Six of the 12 candidates in the tRNA cluster overlap known tRNA-derived pseudogenes. Two further loci correspond to two deleted miRBase microRNAs (hsa-mir-1974 and hsa-mir-1978), which had been recognized as mitochondrial tRNA sequences. Three of the remaining four candidates lie within exonic regions and are thus not likely to be ncRNAs. The last one shows two blocks in close distance (<5 nt) and lies in intergenic region with no annotations. The sequence does not fold into any defined secondary structure and further analysis has to be carried out in order to annotate it.

4 DISCUSSION

We presented an approach, deepBlockAlign, and showed that it can be used for a meaningful clustering of ncRNAs based solely on read processing patterns. In particular, we find that the mapping profiles are well conserved between human and macaque. Most microRNAs as well as the majority of the tRNAs fall into well-separated clusters (Fig. 4). Within the microRNA cluster, a subcluster contains the majority of microRNA-offset RNAs, indicating that deepBlockAlign is able to precisely distinguish between block groups that share a common core pattern. Consistent with observation that some snoRNAs are processed by Dicer, we find the examples clustered together with microRNAs. Several previously unannotated clusters were identified as potential antisense microRNAs and as tRNA-derived pseudogenes, respectively, showing that deepBlockAlign can be used for annotating unknown read mapping patterns through unsupervised clustering. The application of deepBlockAlign for annotation of unknown processing patterns on a routine basis, however, will require the development of appropriate measures of statistical significance, such as P- or E-values. This will require further research as it remains unclear at this point how appropriate background distributions could be constructed. Future updates of the algorithm also includes a more detailed tuning with respect to match versus mismatch scores. We found that this approach is fairly robust against parameter variation. For instance, we tested the robustness of the deepBlockAlign algorithm by analyzing the benchmark dataset using various values of the distance weight parameter υdist observing consistent results (Supplementary Table S2). The clustering approach can in principle be used for constructing multiple alignments. This could in turn be useful in identifying subtle differences in processing patterns and assist the investigation of evolution of processing patterns.

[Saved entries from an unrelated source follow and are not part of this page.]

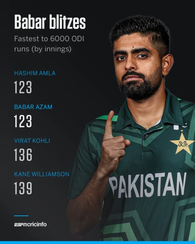 یوں بابراعظم نے بھارتی بلے باز ویرات کوہلی کا ریکارڈ توڑ دیا اور وہ جنوبی افریقہ کے بلے باز ہاشم آملہ کے ہم پلہ آگئے ہیں، دونوں کھلاڑیوں نے 123 اننگز میں 6 ہزار رنز مکمل کیے۔
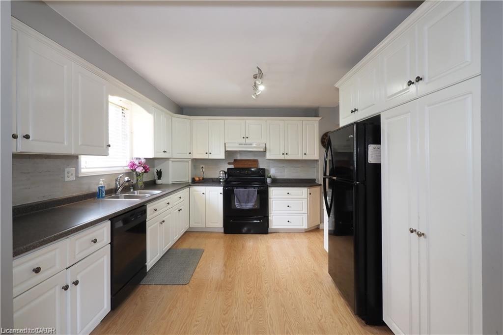Be a part of a community in this desirable Hespeler neighbourhood. Welcome to 51 Memory Lane Cambridge. This single detached raised bungalow is set up to accommodate all of your family needs offering 3 bedrooms on the main, plus 2 more if needed downstairs. The 3rd is original bedroom but flexible as a den. There is a door instead of a window. Formal living and dining room combined, dream size kitchen featuring a built-in dishwasher, pantry, microwave shelf, extended counter and wall tile. Main 4pc bath with updated vanity. The front foyer has a split entrance with stairs to the basement offering endless possibilities to convert to a separate in-law suite or enjoy the newly renovated party size rec room. There are 2 more bedrooms down along with a 4pc bath combo highlighted by a corner jetted tub and shower. Updates to mention, furnace and CAC 2017, all basement flooring carpet free throughout. Single car garage has 2 doors front and back which you can open on the rear patio for cover. Concrete drive for 2 cars, fully fenced yard. Walk through the cross walk just steps to Silverheights Public and St Gabriel Separate is blocks away. Handy to parks, trails, shopping amenities. UNBEATABLE CONNECTION FOR 401 COMMUTERS MINUTES TO HWY 24. Available for first week of December possession before the holidays. Call your Agent today to view
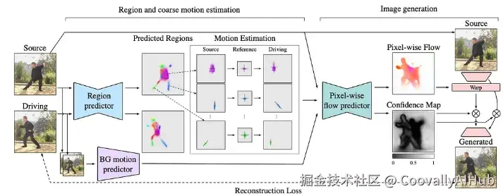 - 区域预测器: 从输入图像中提取一组关键区域,每个区域代表一个局部运动组件。这些区域提供了参与运动的物体部件的结构化和紧凑表示。

Qualitatively, the read-based clusters closely resemble the results of clustering known and predicted ncRNAs based on their secondary structure (Kaczkowski ; Will ). We suspect that this is not a coincidence, since small RNAs are preferentially produced from base paired regions (Langenberger ). This suggests that read mapping patterns are likely to be influenced, or even determined, by the secondary structure of the parental RNA. This signal appears to be stronger than variations depending on sequencing protocol and GC-content that have previously been reported e.g. by Li ); Hansen ).

In the case of tRNAs, chemical modifications are the second major contribution shaping the read mapping patterns (Findeiß ). Interestingly, there is a single cluster comprising tRNAs with several different anticodons and isoacceptors that share an almost perfect read processing pattern. This observation requires deeper analysis for further explanation. The read processing patterns of loci with low expression levels may be biased by random fluctuations, thus we have only included patterns with a minimum expression of 50 reads. RNA-seq data with deeper coverage will thus not only improve the clustering results but also increase the number of block groups and thereby facilitate the detection of novel ncRNAs.

Funding: Danish Strategic Research Council (Strategic Growth technologies); Danish Independent Research Council (Technology and Production); Danish Center for Scientific Computation, in part. This publication is supported by LIFE - Leipzig Research Center for Civilization Diseases, Universität Leipzig. This project was funded by means of the European Social Fund and the Free State of Saxony.

Conflict of Interest: none declared.